What is the difference between f-string and str.format() in Python?

  • What is the new string interpolation/formatting style has been introduced in Python 3.6?
  • Is better or worse than str.format() commonly used these days?
  • Should one start using f-String now that Python has introduced it recently as str.format() may be deprecated in the newer versions of Python?

Before getting into the new-style of formatting strings in Python known as f-Strings, let us first discuss how str.format() works. str.format() was introduced in Python 2.6 and is an improvement on %-formatting (which though not deprecated but is not recommended anymore).
The replacement fields in str.format() are marked by curly brackets, {}.

Input:

name = 'Tanya'
place = 'Delhi, India'
print('I am {}. I am from {}.' .format(name, place))
# variables can be referenced in any order by using the referencing index
print('I am {1}. I am from {0}.' .format(place, name))

Output:

I am Tanya. I am from Delhi, India.
I am Tanya.

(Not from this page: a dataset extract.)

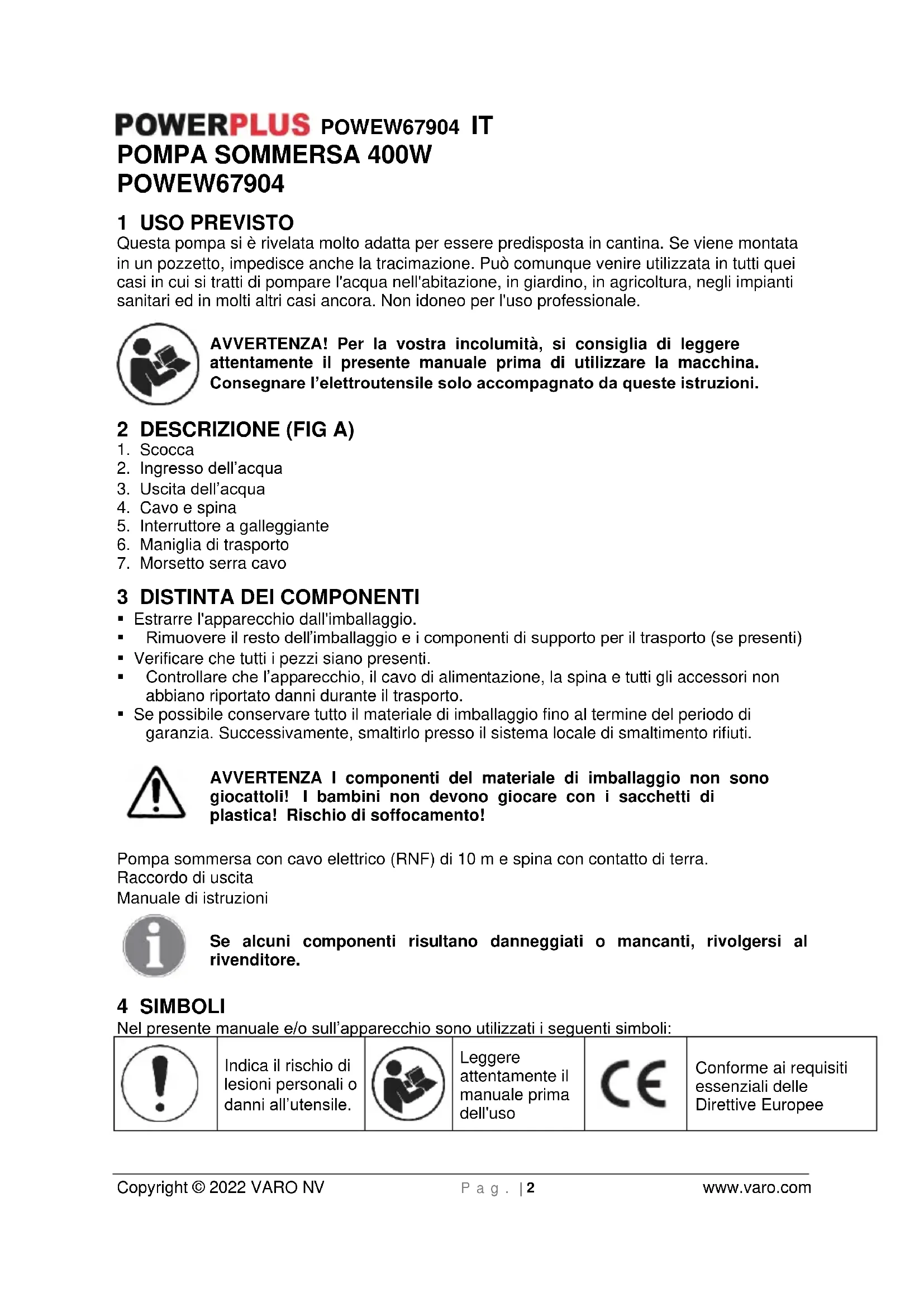 - in modo fisso, ma con tubi di gomma flessibili Da rispettare! Nell'installazione tenere presente che la pompa non può mai venir montata semplicemente appesa alla tubazione di mandata o al cavo della corrente. La pompa sommersa a motore deve venir rispettivamente appesa al gancio apposito o appoggiata sul fondo del pozzetto. Per garantire un funzionamento perfetto della pompa, il fondo del pozzetto deve essere sempre libero dal fango o da altre impurità. Se il livello dell'acqua è troppo basso, il fango che si trova nel pozzetto può seccarsi rapidamente e impedire alla pompa di mettersi in moto. È perciò necessario controllare regolarmente la pompa sommersa a motore (eseguire delle prove di messa in moto). L'interruttore a galleggiante è così regolato da permettere un'immediata messa in esercizio della pompa. Avvertenza! Il pozzetto della pompa deve avere almeno le dimensioni di 40 x 40 x 50 cm in modo tale che l'interruttore a galleggiante possa muoversi liberamente.POWEW67904 IT Copyright © 2022 VARO NV P a g . | 4 www.varo.com Il collegamento alla rete La pompa da voi acquistata è già dotata di una spina con contatto di terra ed è concepita per essere collegata ad una presa con contatto di terra con 230 V - 50 Hz. Accertatevi che la presa abbia un dispositivo di protezione sufficiente (almeno 6 A) e sia perfettamente in ordine. La pompa è pronta per funzionare non appena la spina della pompa è inserita nella presa. Avvertenza! Se il cavo di alimentazione o la spina vengono danneggiati per cause esterne, il cavo non deve venir riparato, ma deve venir sostituito con uno nuovo.

I am from Delhi, India.


We can also use dictionaries:

Input:

info = {'name': 'Tanya', 'place': 'Delhi, India'}
print('I am {name}. I am from {place}.' 
      .format(name=info['name'],  place=info['place]))
print('I am {name}. I am from {place}.' .format(**info)

Output:

I am Tanya. I am from Delhi, India.
I am Tanya. I am from Delhi, India.


Even though it might not seem too verbose or wordy but when when there are too many variables, or too many keys in a dictionary, str.format() way of formatting or string interpolation gets verbose.

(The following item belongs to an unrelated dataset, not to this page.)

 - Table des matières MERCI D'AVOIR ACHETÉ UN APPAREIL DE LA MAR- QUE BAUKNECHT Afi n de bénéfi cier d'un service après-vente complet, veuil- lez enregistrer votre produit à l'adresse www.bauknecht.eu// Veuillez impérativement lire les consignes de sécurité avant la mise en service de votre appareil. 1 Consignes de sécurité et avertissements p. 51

In Python 3.6, f-Strings were introduced which tackled the above issue and also increased readability of code. This new way prefixes the string constant with the letter f' ' or F' ' . The syntax can be understood using the following example.

Input:

name = 'Tanya'
place = 'Delhi, India'
string = f'I am {name}. I am from {place}.'
print(string)

Output:

I am Tanya. I am from Delhi, India.


Also, we can put expression inside the curly brackets as well.

Input:

a = 23
b = 45
sum = f'The sum of {a} and {b} is {a+b}.'
print(sum)

Output:

The sum of 23 and 45 is 68.


f-Strings also allow multi-line strings by using f'''...''' instead of f' ' and just pressing enter where we want to break lines instead of using \n . Also, Python will thrown a SyntaxError if backslash i.e. \ is included in f-String expression.

Input:

name = 'Tanya'
place = 'Delhi, India'
string = f'''I am {name}.
I am from {place}.'''
print(string)

Output:

I am Tanya.
I am from Delhi, India.


In terms of speed, f-Strings beats str.format(). Let us look at the comparison.

Input:

import timeit
timeit.timeit("""name = 'Tanya'
place = 'Delhi, India'
'I am {}. I am from {}.' .format(name, place)""", number = 10000)

Output:

0.0035459260000010318


Input:

import timeit
timeit.timeit("""name = 'Tanya'
place = 'Delhi, India'
f'I am {name}. I am from {place}.' """, number = 10000)

Output:

0.002438100000006216



As seen above, f-Strings are faster than str.format(). str.format() allows the use of \ in its expression whereas f-Strings does not. There are cases where f-Strings are better but other cases where it would be better to use str.format().


Also, in my opinion, you do not need to worry about Python deprecating str.format() anytime soon, as it still has not yet deprecated % -formatting till now.


With that said, one should incorporate new styles and methods into their coding practices, so whenever you get a chance to do so, never say F'No!!'.